Dušan Čolić <dusanc@xxxxxxxxx> · Sun, 20 Nov 2016 17:17:28 +0100



On Sun, Nov 20, 2016 at 12:58 PM, Edward Shishkin
<edward.shishkin@xxxxxxxxx> wrote:
> On 09/25/2016 12:47 AM, Edward Shishkin wrote:
>>
>> Logical Volumes
>>
>>
>> Reiser4 will support logical (compound) volumes. For now we have
>> implemented the simplest ones - mirrors. As a supplement to existing
>> checksums it will provide a failover - an important feature, which
>> will reduce number of cases when your volume needs to be repaired by
>> fsck.
>>
>> Reiser4 subvolume is a component of logical volume. Subvolume is
>> always associated with a physical, or logical (built of RAID, LVM,
>> etc means) block device. Every subvolume possesses:
>>
>> . volume ID;
>> . subvolume ID;
>> . mirror ID;
>> . number of replicas.
>>
>> mirror ID is a serial number from 0 till 65535. Subvolume with mirror
>> ID 0 has a special name - original. Other ones are called replicas.
>> We use to say "original A has a replica B" (or "B replicates A",
>> which is the same), iff A and B possess the same subvolume ID.
>> Original with all its replicas are called "mirrors".
>>
>> For subvolumes we have introduced a special disk format plugin
>> "format41". In accordance with Reiser4 development model it means
>> forward incompatibility. We have introduced it intentionally, for
>> protection. Indeed, for clear reasons users must not have possibility
>> to RW-mount separate replicas (without originals).
>> The multi-device extension is backward compatible: all volumes of the
>> old format (format40) are supported as logical volumes composed of
>> only one (original) subvolume.
>>
>>
>>            Registration and activation of subvolumes
>>
>>
>> For now every Reiser4 logical volume has only one original subvolume.
>> Number of replicas can be 0, or more. Logical volume can be mount
>> by usual mount command. Simply specify any its subvolume (the
>> original, or some its replica). The only condition is that original
>> and all its replicas should be registered in the system. If original,
>> or some its replica are not registered, then mount will fail with a
>> respective kernel message.
>>
>> Currently there is no tool to register specified subvolume (TBD).

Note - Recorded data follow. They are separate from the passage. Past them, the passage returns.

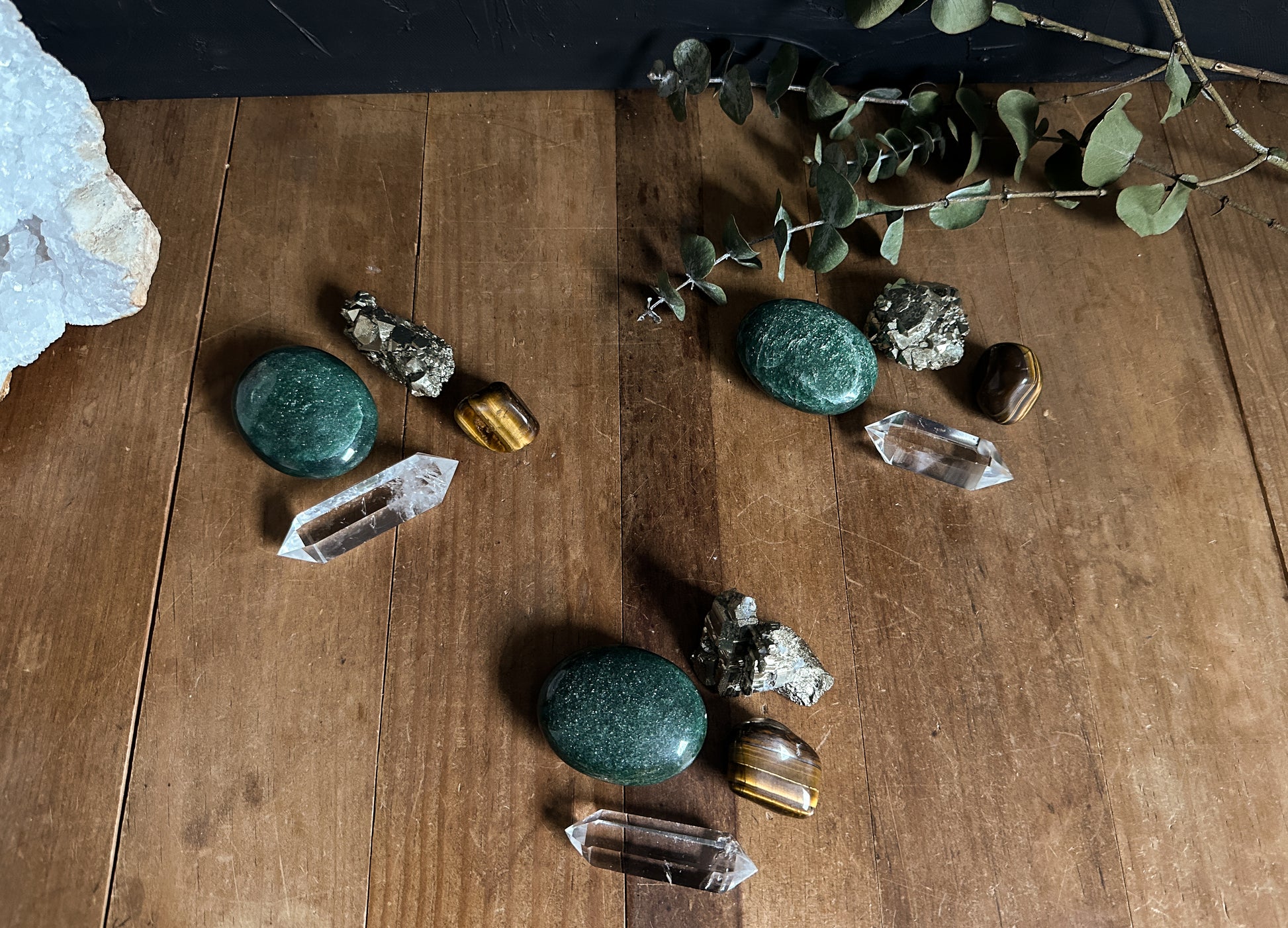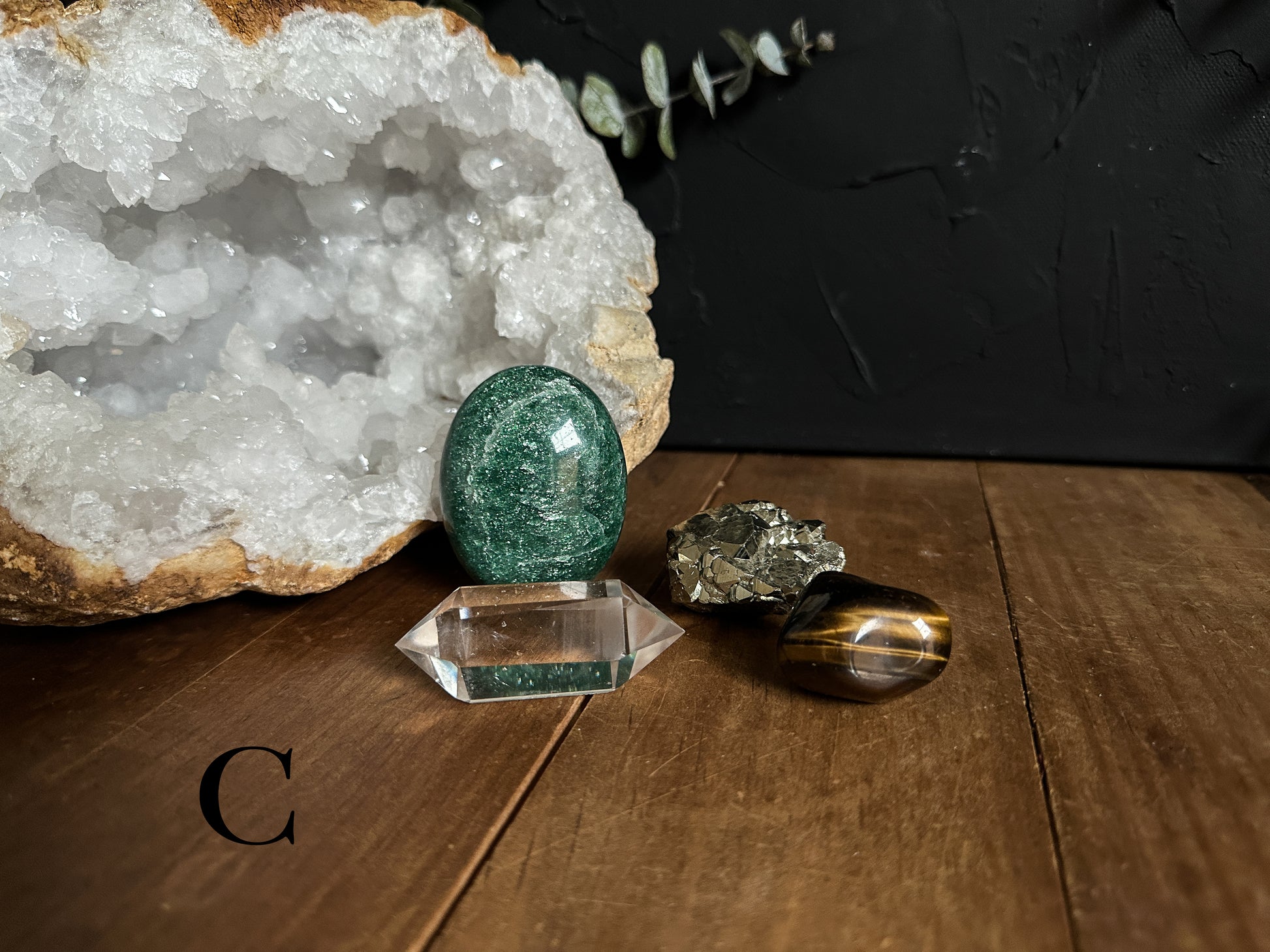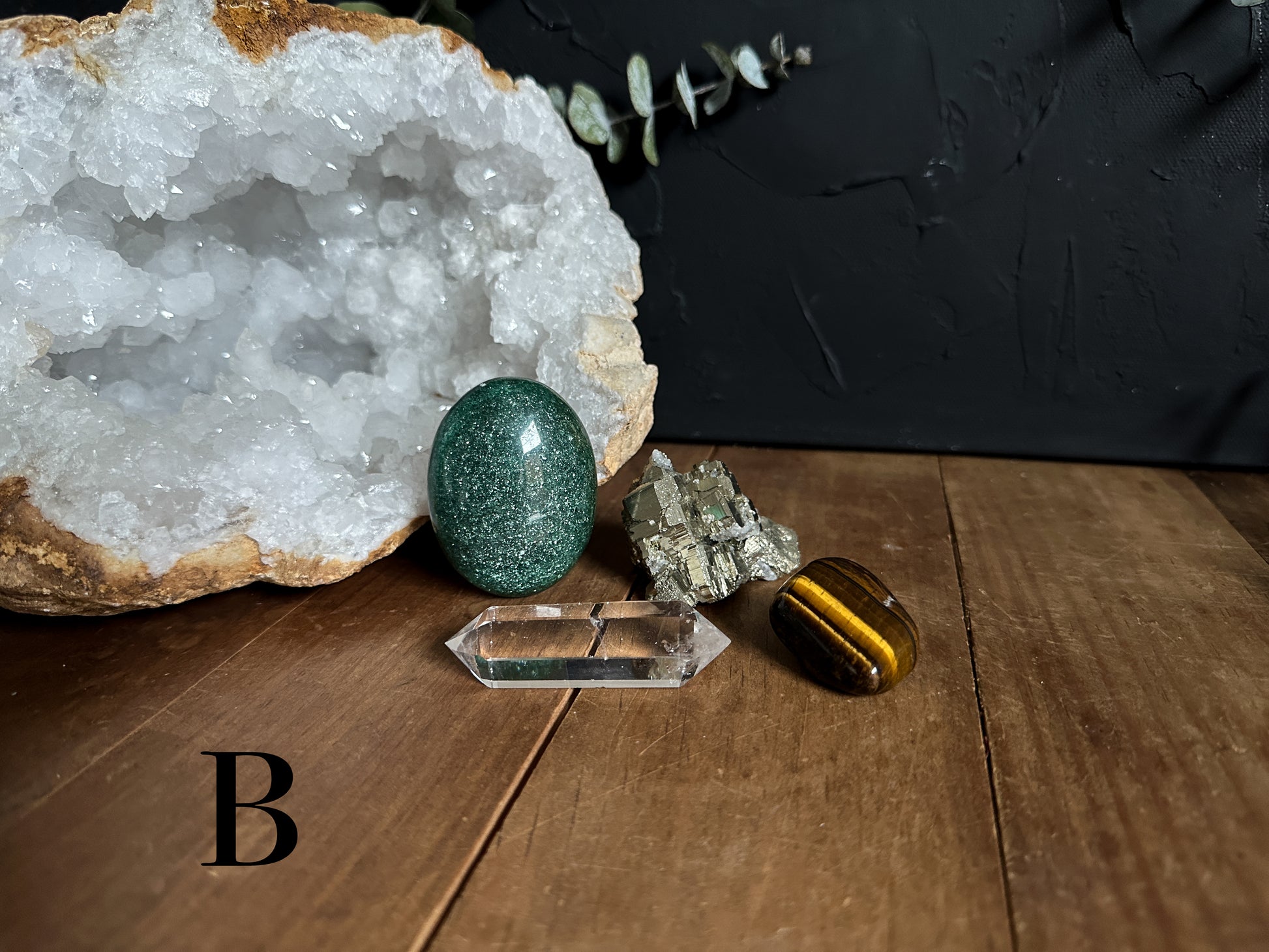 Unlock prosperity and abundance with our Crystal Kit for Wealth and Abundance, featuring Green Aventurine, Pyrite, Clear Quartz, and Tigers Eye. Green Aventurine attracts opportunities and luck in financial matters, while Pyrite ignites the fire of ambition and helps manifest your goals into reality. Clear Quartz amplifies intentions and clears blockages, while Tigers Eye fosters determination and success. Use this powerful combination to attract abundance, increase prosperity, and manifest your financial goals with confidence and clarity.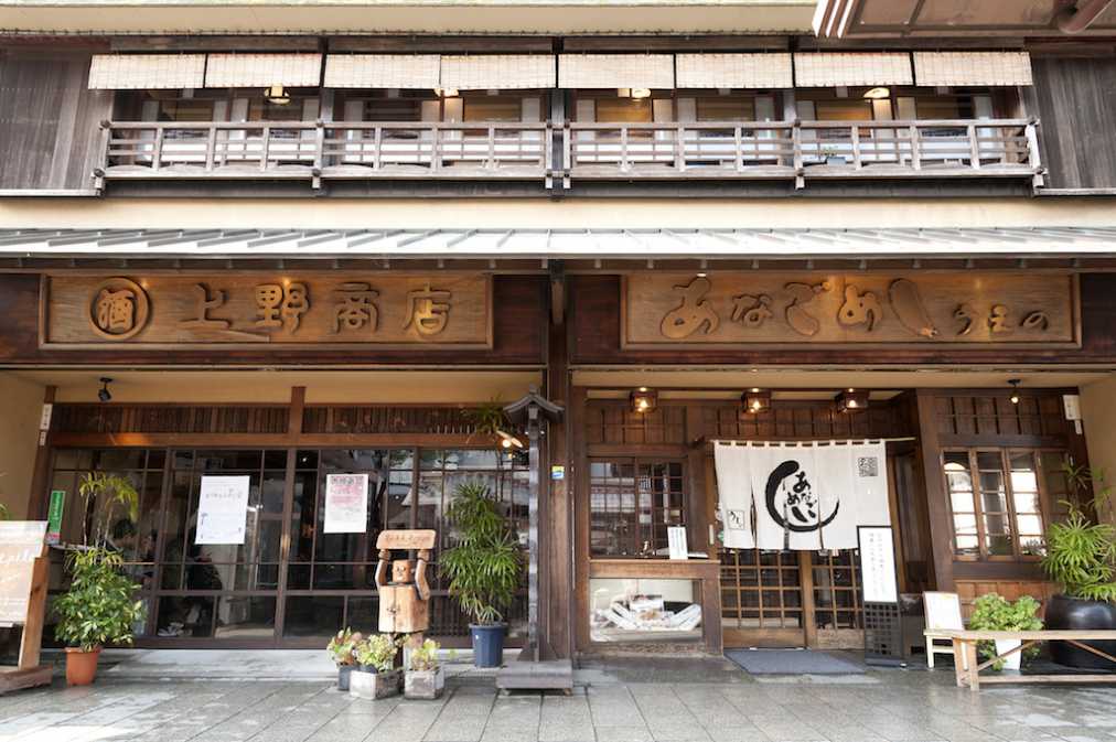 4代目である現店主の生家を改装して利用しているという、重厚な外観にも歴史を感じます。写真右側が「あなごめし うえの」の店舗です。休日のランチタイムを中心に30分以上並ぶこともあるので、写真左側の「上野商店」内の控え室でゆっくり順番を待ちましょう。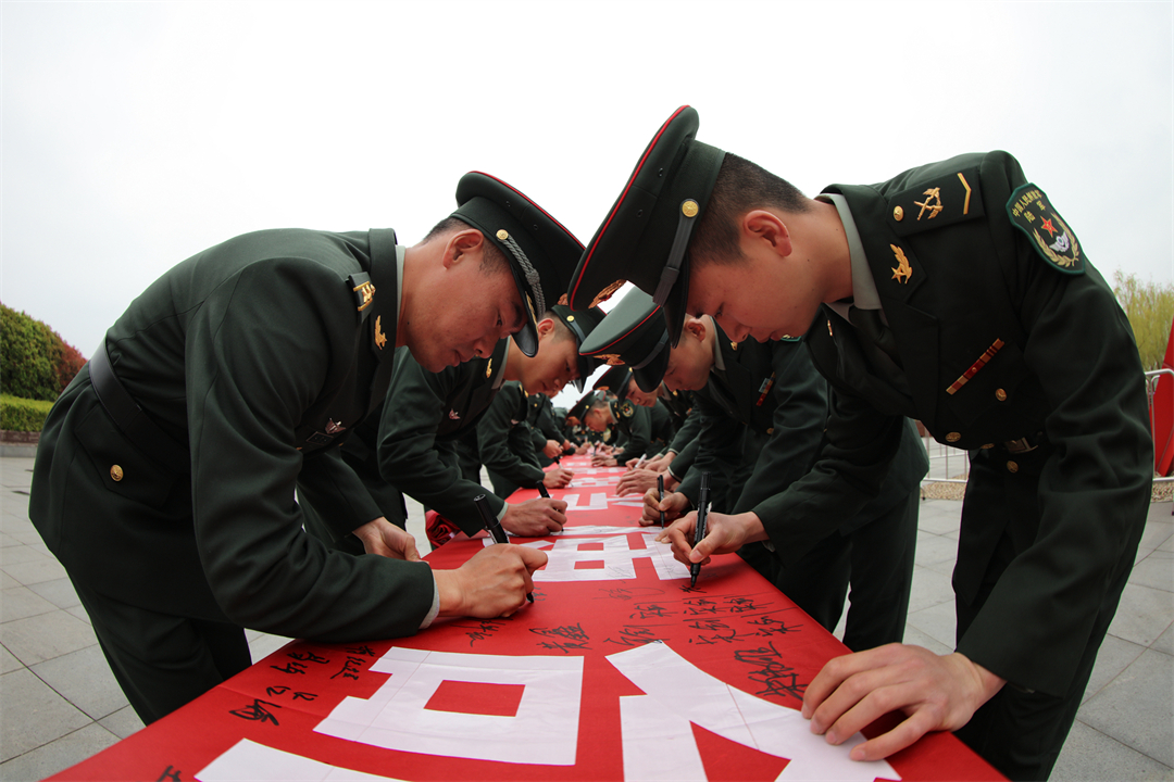 圖為3月28日,陸軍第71集團軍“臨汾旅”組織官兵代表在“緬懷革命先烈 奮進擔當使命”橫幅上簽字。萬里想 攝

>> However, mount command always tries to register the specified device.
>> The registration policy is "sticky". It means that your device won't
>> be unregistered after umount, as well as failed mount. (You will be
>> able to unregister it mandatory by a special tool - TBD).
>>
>> Procedure of registration reads the master super-block of the
>> subvolume and puts the subvolume header to a specilal list of
>> registered subvolumes.
>>
>> Mounting a logical volume activates all its registered components.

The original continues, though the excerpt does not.